··· COLLECTED MATERIAL
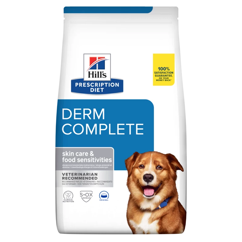 Das kann Wissenschaft. Hill’s PRESCRIPTION DIET Derm Complete Trockenfutter für Hunde mit Reis und Ei bei umweltbedingten Allergien und Hautempfindlichkeiten wurde von den Ernährungswissenschaftler:innen und Tierärzt:innen von Hill’s speziell zur Unterstützung des Managements der umwelt- und futtermittelbedingten Empfindlichkeiten Ihres Hundes entwickelt.
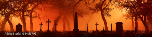 Orange Halloween Background with Graveyard in a Thick Mist. Spooky Night Scene with Trees and Tombstones.
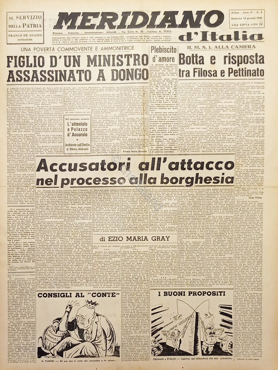 Giornale - Meridiano d'italia N.2 Figlio di un Ministro assassinato a Dongo 1949
······
— EXERCISE REQUIREMENTS —
Please copy exactly, and only, the lines from the one that contains "Orange Halloween Background" through the last line of the data above, omitting all pictures.

— OUTPUT FOR THIS TASK —
 Orange Halloween Background with Graveyard in a Thick Mist. Spooky Night Scene with Trees and Tombstones.
 Giornale - Meridiano d'italia N.2 Figlio di un Ministro assassinato a Dongo 1949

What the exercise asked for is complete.